## TASK
Your answer is to be the exact text of the lines from the one containing "Silver Heart on" through the final line of the entries, restated in full, with pictures omitted.

(ENTRIES SUPPLIED)

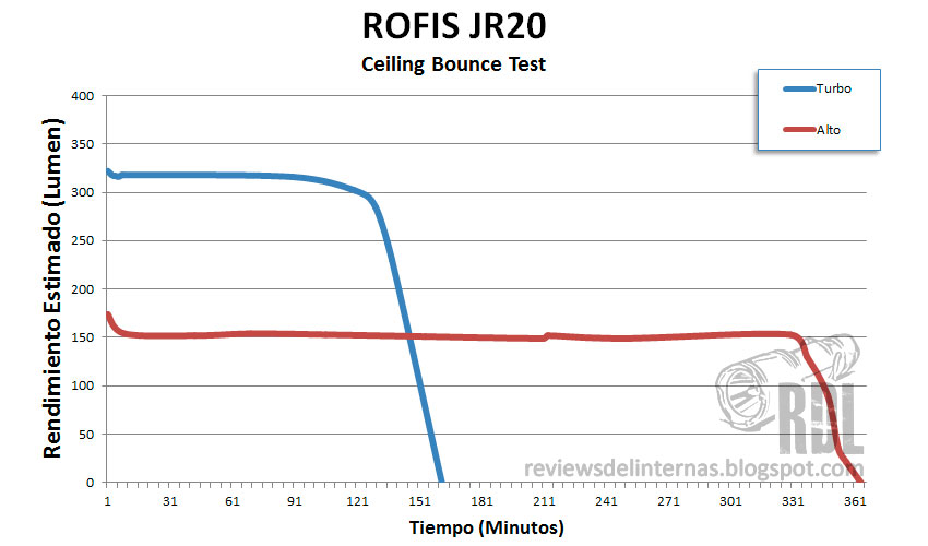 Podemos observar en la gráfica como la linterna está regulada, ofreciendo un rendimiento constante a lo largo de la vida útil de la batería. No hay ningún tipo de stepdown en el modo Turbo. El rendimiento en este Turbo es sencillamente espectacular.
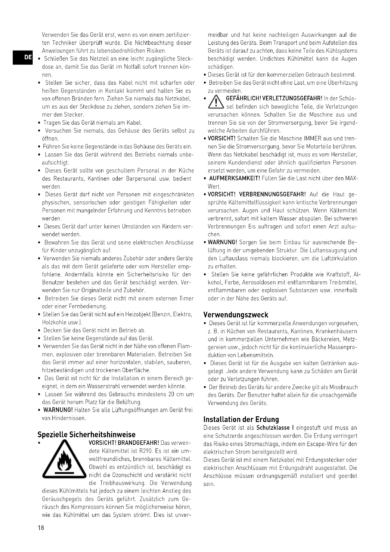 - VORSICHT! BRANDGEFAHR! Das verwen- dete Kältemittel ist R290. Es ist ein um- weltfreundliches, brennbares Kältemittel. Obwohl es entzündlich ist, beschädigt es nicht die Ozonschicht und verstärkt nicht die Treibhauswirkung. Die Verwendung dieses Kühlmittels hat jedoch zu einem leichten Anstieg des Geräuschpegels des Geräts geführt. Zusätzlich zum Ge- räusch des Kompressors können Sie möglicherweise hören, wie das Kühlmittel um das System strömt. Dies ist unver- meidbar und hat keine nachteiligen Auswirkungen auf die Leistung des Geräts. Beim Transport und beim Aufstellen des Geräts ist darauf zu achten, dass keine Teile des Kühlsystems beschädigt werden. Undichtes Kühlmittel kann die Augen schädigen.
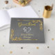Silver Heart on Grey with Gold Border Guest Book features an intricate silver scroll heart and gold leaves border on a grey background. Room to place the couple's name on the front and names and date on the spine. (Ribbon is simulated in the artwork). Designed to coordinate with the "Elegant Marble, Gold Frame & Heart" Wedding Collection. To change details, click «Personalize». To move the text or change the text size, font, or color click «Click to customize further»
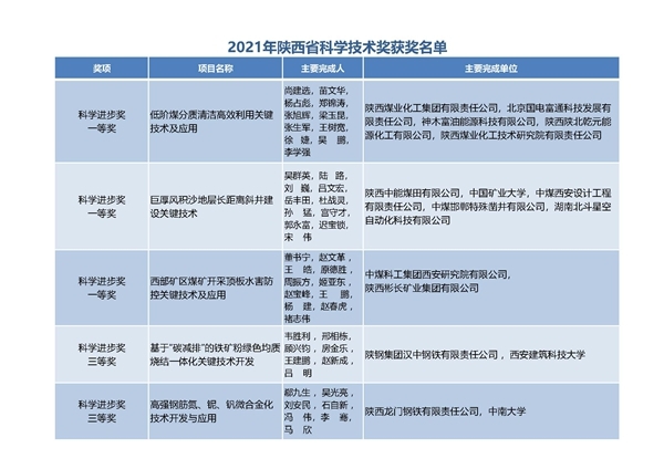 陜煤集團5項科技成果榮獲2021年度陜西省科學(xué)技術(shù)獎
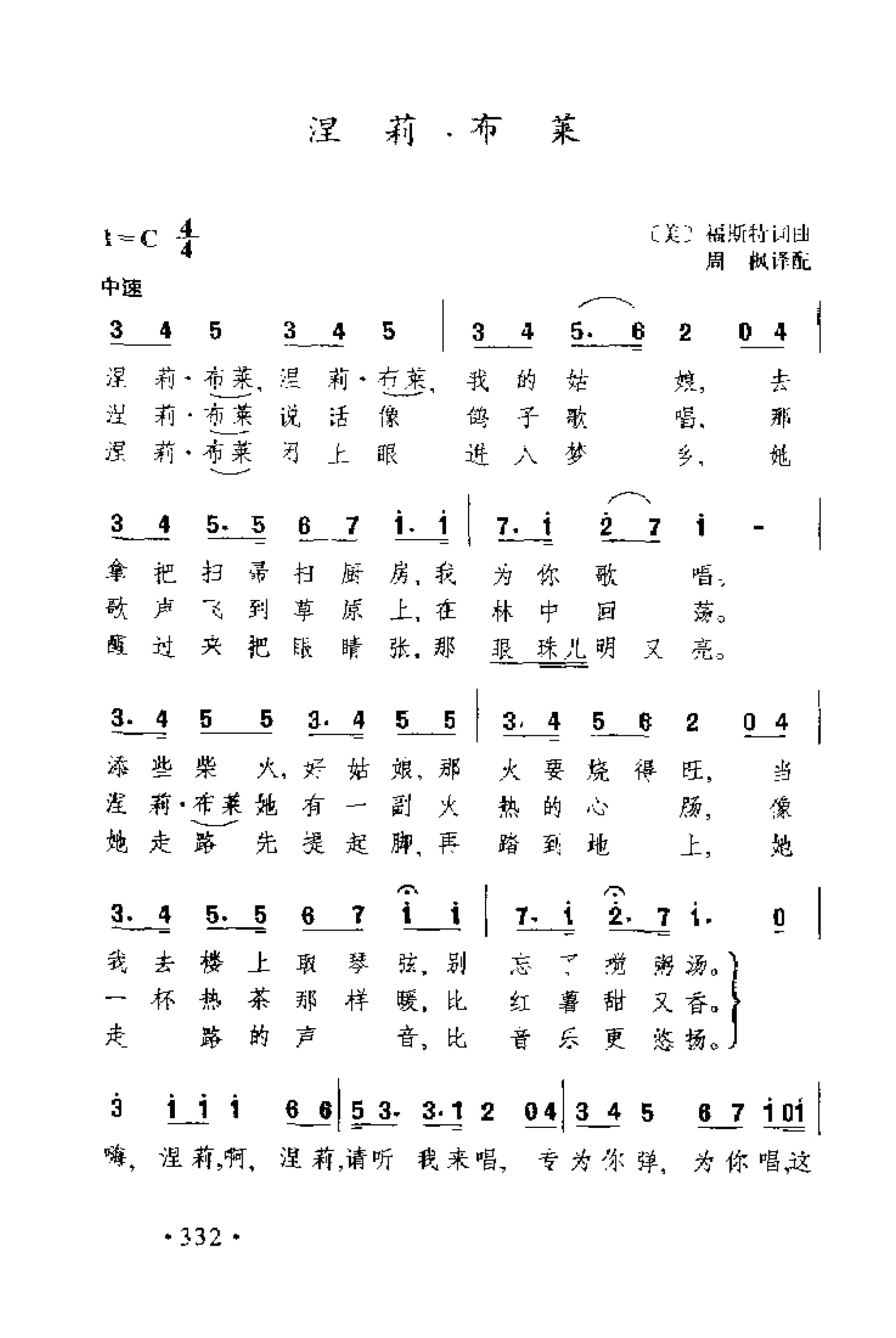 名称:外国古典歌曲简谱:涅莉 布莱 美 福斯特曲
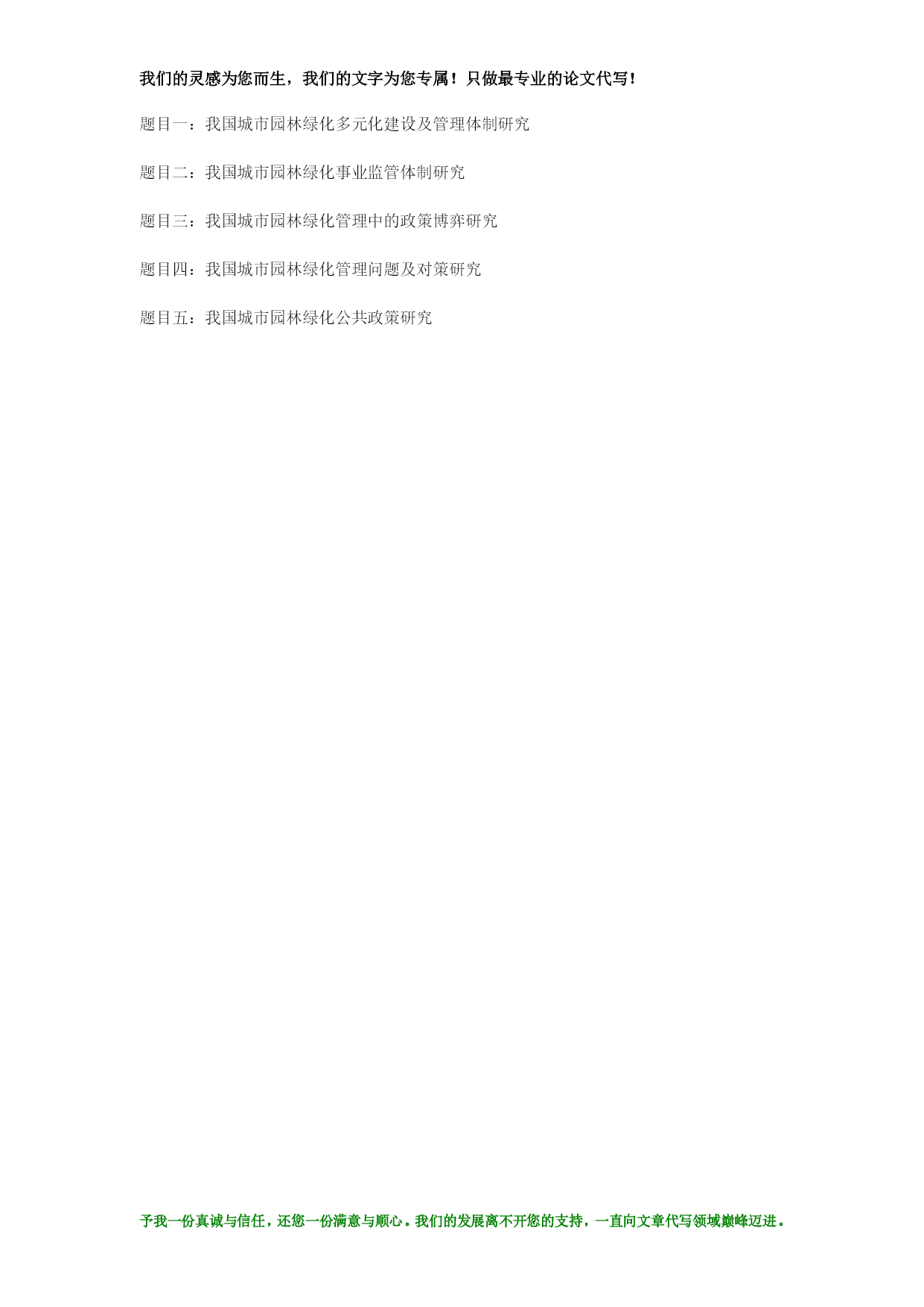 我们的灵感为您而生,我们的文字为您专属!只做最专业的论文代写! 予我一份真诚与信任,还您一份满意与顺心。我们的发展离不开您的支持,一直向文章代写领域巅峰迈进。 题目一:我国城市园林绿化多元化建设及管理体制研究 题目二:我国城市园林绿化事业监管体制研究 题目三:我国城市园林绿化管理中的政策博弈研究 题目四:我国城市园林绿化管理问题及对策研究 题目五:我国城市园林绿化公共政策研究

(End ENTRIES SUPPLIED)

## FINISHED TASK
Silver Heart on Grey with Gold Border Guest Book features an intricate silver scroll heart and gold leaves border on a grey background. Room to place the couple's name on the front and names and date on the spine. (Ribbon is simulated in the artwork). Designed to coordinate with the "Elegant Marble, Gold Frame & Heart" Wedding Collection. To change details, click «Personalize». To move the text or change the text size, font, or color click «Click to customize further»
 陜煤集團5項科技成果榮獲2021年度陜西省科學(xué)技術(shù)獎
 名称:外国古典歌曲简谱:涅莉 布莱 美 福斯特曲
 我们的灵感为您而生,我们的文字为您专属!只做最专业的论文代写! 予我一份真诚与信任,还您一份满意与顺心。我们的发展离不开您的支持,一直向文章代写领域巅峰迈进。 题目一:我国城市园林绿化多元化建设及管理体制研究 题目二:我国城市园林绿化事业监管体制研究 题目三:我国城市园林绿化管理中的政策博弈研究 题目四:我国城市园林绿化管理问题及对策研究 题目五:我国城市园林绿化公共政策研究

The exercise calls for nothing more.